### WORK ORDER
Give back the listing in full and exactly, leaving out the images.

### INFORMATION PROVIDED

Segment Open

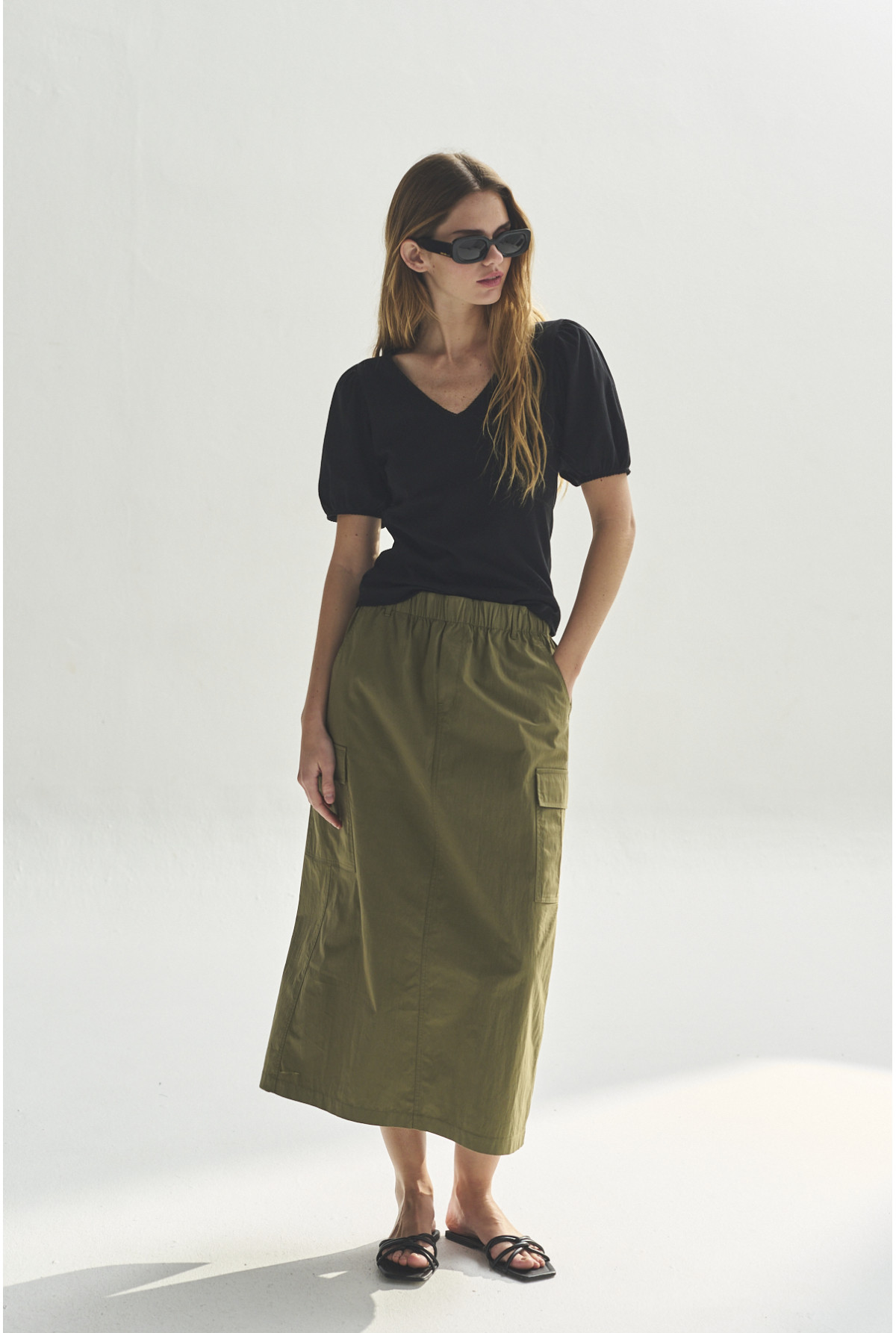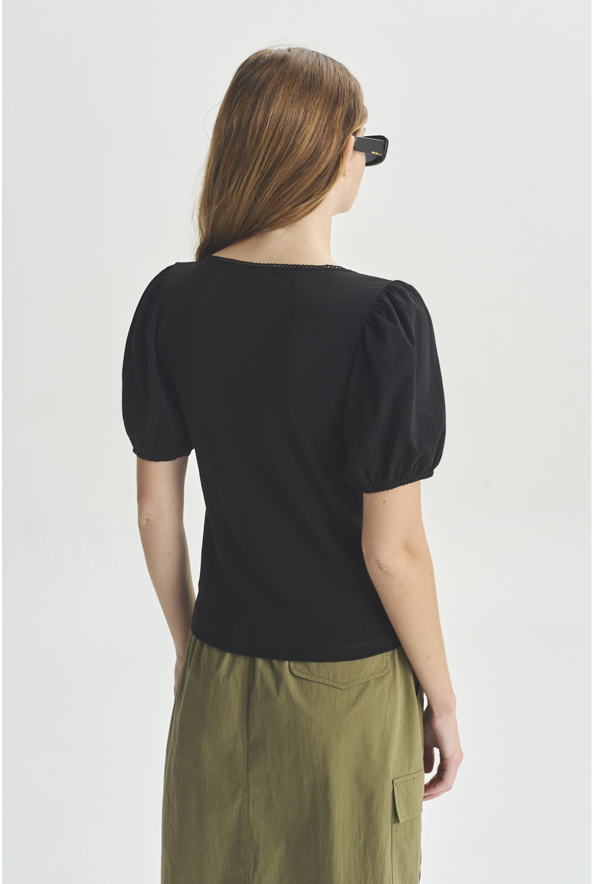 Remera confeccionada en 100% Algodón Peruano. Escote en V y mangas al codo con frunces en hombro y puños. Terminación en escote y puños con puntilla. Calce Recto.
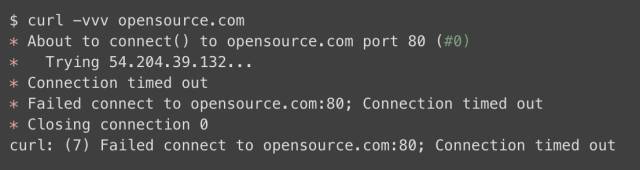 iptables 用于阻止或允许 Linux 主机上的流量,用于 IP 包过滤器管理,类似于网络防火墙。此工具可阻止某些应用程序接收或发送请求。更具体地说,如果您的应用程序难以访问另一个端点,可能已被 iptables 拒绝流量访问该端点。例如,假设您的应用程序的主机无法访问 Opensource.com,您使用 curl 来测试连接。
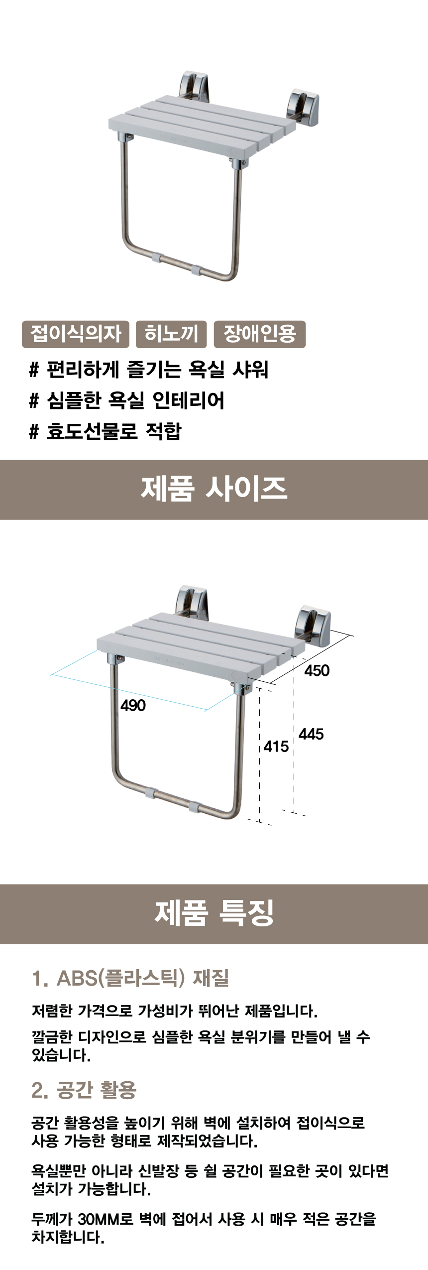 [H-31 샤워의자/접이식의자 샤워의자/접이식의자] 장애인전용의자-ABS(BF용)
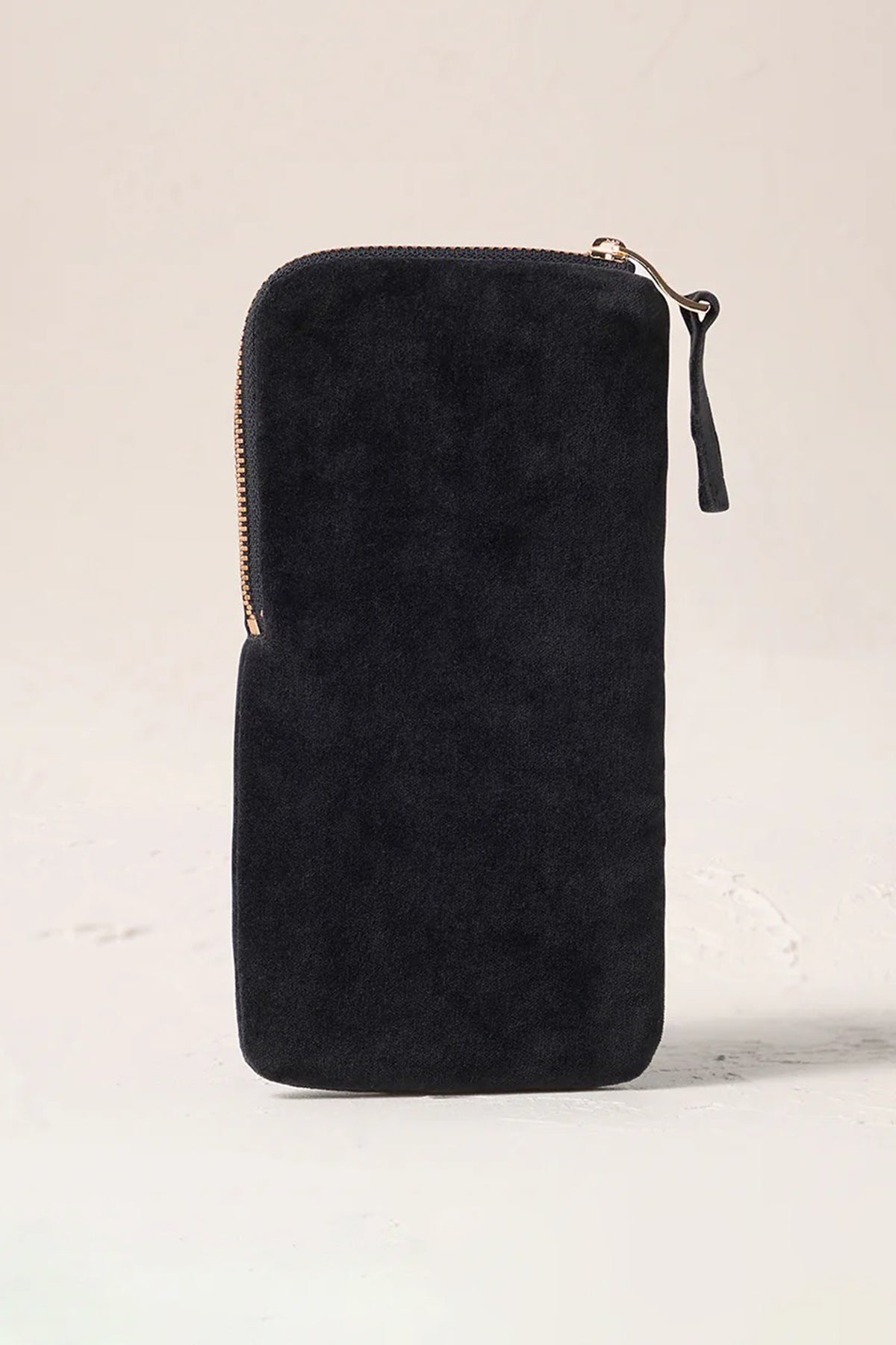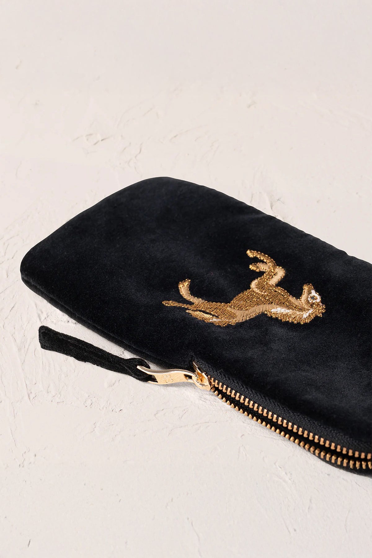 Elizabeth Scarlett Charcoal Wild Horses Glasses Case is a padded velvet zip case embroidered with golden wild horses—ideal for protecting eyewear with a touch of folklore charm. Designed for everyday elegance, it blends practicality with romantic detail.
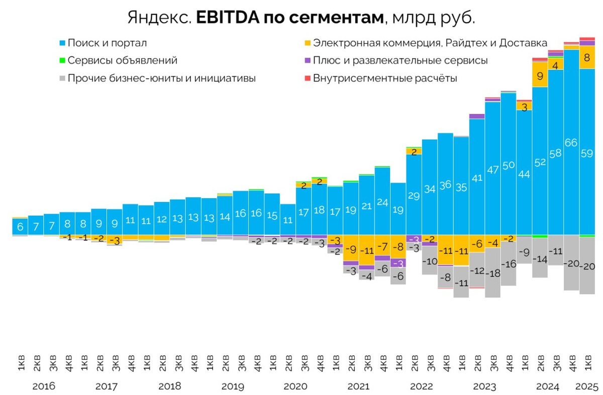 📱 Яндекс отчитался о росте выручки на 34% в I кв. 2025 г. Доход компании составил 306,5 млрд руб. Уверенный старт года с учетом прогноза на 2025 г. от компании по росту выручки на 30% и EBITDA не менее 250 млрд руб. Рассказываем все важное из отчета и делимся тем, что нас смущает в этом IT. 👉 Скор. EBITDA выросла на 30% — до 48,9 млрд руб. (более высокие темпы роста затрат над выручкой). Скор. чистая прибыль сократилась на 41% — до 12,8 млрд руб. Смотрим на сегменты бизнеса: — Поиск и портал. Выручка +21%, EBITDA +33%, — Е-ком, райдтех и доставка. Выручка +45%, EBITDA +183%, — Поиск и развлекательные сервисы. Выручка +58%, EBITDA 1,8 млрд vs -0,5 годом ранее, — Сервисы объявлений. Выручка +35%, EBITDA -0,7 млрд vs -0,4 млрд годом ранее, — Прочие бизнес-юниты. Выручка +57%, EBITDA -20,3 млрд vs -9,3 млрд годом ранее. ⬆️ Смущает рост расходов по вознаграждению до 16,5 млрд vs 3,2 млрд руб. годом ранее. Они составили 5,4% от выручки vs 1,4% годом ранее. С третьего квартала компани
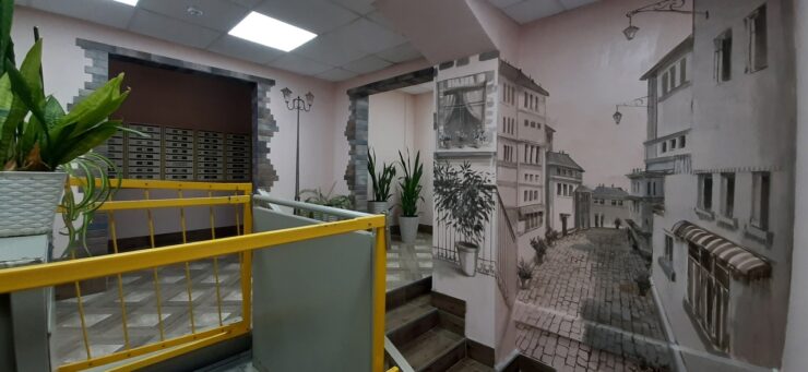 Рисунок стал частью ремонта на первом этаже: пол выложен плиткой с рисунком. Заменены светильники, почтовые ящики, установлены изящные горшки с живой зеленью. Совместными усилиями отремонтирована входная группа, лестница, лифтовый и квартирный холлы 1 этажа.
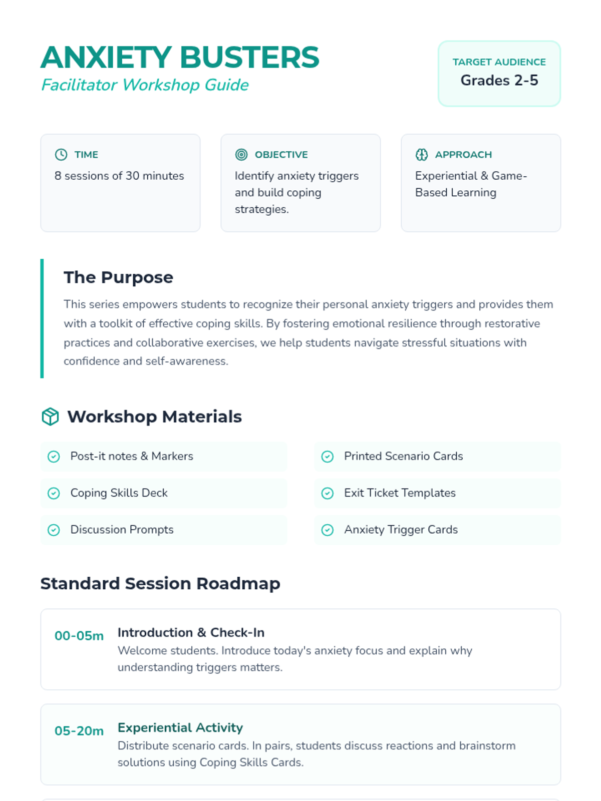 An 8-session workshop designed to empower students with tools to manage anxiety, promote emotional resilience, and identify personal triggers.

Segment Closed

### RESPONSE BOX
 Remera confeccionada en 100% Algodón Peruano. Escote en V y mangas al codo con frunces en hombro y puños. Terminación en escote y puños con puntilla. Calce Recto.
 iptables 用于阻止或允许 Linux 主机上的流量,用于 IP 包过滤器管理,类似于网络防火墙。此工具可阻止某些应用程序接收或发送请求。更具体地说,如果您的应用程序难以访问另一个端点,可能已被 iptables 拒绝流量访问该端点。例如,假设您的应用程序的主机无法访问 Opensource.com,您使用 curl 来测试连接。
 [H-31 샤워의자/접이식의자 샤워의자/접이식의자] 장애인전용의자-ABS(BF용)
 Elizabeth Scarlett Charcoal Wild Horses Glasses Case is a padded velvet zip case embroidered with golden wild horses—ideal for protecting eyewear with a touch of folklore charm. Designed for everyday elegance, it blends practicality with romantic detail.
 📱 Яндекс отчитался о росте выручки на 34% в I кв. 2025 г. Доход компании составил 306,5 млрд руб. Уверенный старт года с учетом прогноза на 2025 г. от компании по росту выручки на 30% и EBITDA не менее 250 млрд руб. Рассказываем все важное из отчета и делимся тем, что нас смущает в этом IT. 👉 Скор. EBITDA выросла на 30% — до 48,9 млрд руб. (более высокие темпы роста затрат над выручкой). Скор. чистая прибыль сократилась на 41% — до 12,8 млрд руб. Смотрим на сегменты бизнеса: — Поиск и портал. Выручка +21%, EBITDA +33%, — Е-ком, райдтех и доставка. Выручка +45%, EBITDA +183%, — Поиск и развлекательные сервисы. Выручка +58%, EBITDA 1,8 млрд vs -0,5 годом ранее, — Сервисы объявлений. Выручка +35%, EBITDA -0,7 млрд vs -0,4 млрд годом ранее, — Прочие бизнес-юниты. Выручка +57%, EBITDA -20,3 млрд vs -9,3 млрд годом ранее. ⬆️ Смущает рост расходов по вознаграждению до 16,5 млрд vs 3,2 млрд руб. годом ранее. Они составили 5,4% от выручки vs 1,4% годом ранее. С третьего квартала компани
 Рисунок стал частью ремонта на первом этаже: пол выложен плиткой с рисунком. Заменены светильники, почтовые ящики, установлены изящные горшки с живой зеленью. Совместными усилиями отремонтирована входная группа, лестница, лифтовый и квартирный холлы 1 этажа.
 An 8-session workshop designed to empower students with tools to manage anxiety, promote emotional resilience, and identify personal triggers.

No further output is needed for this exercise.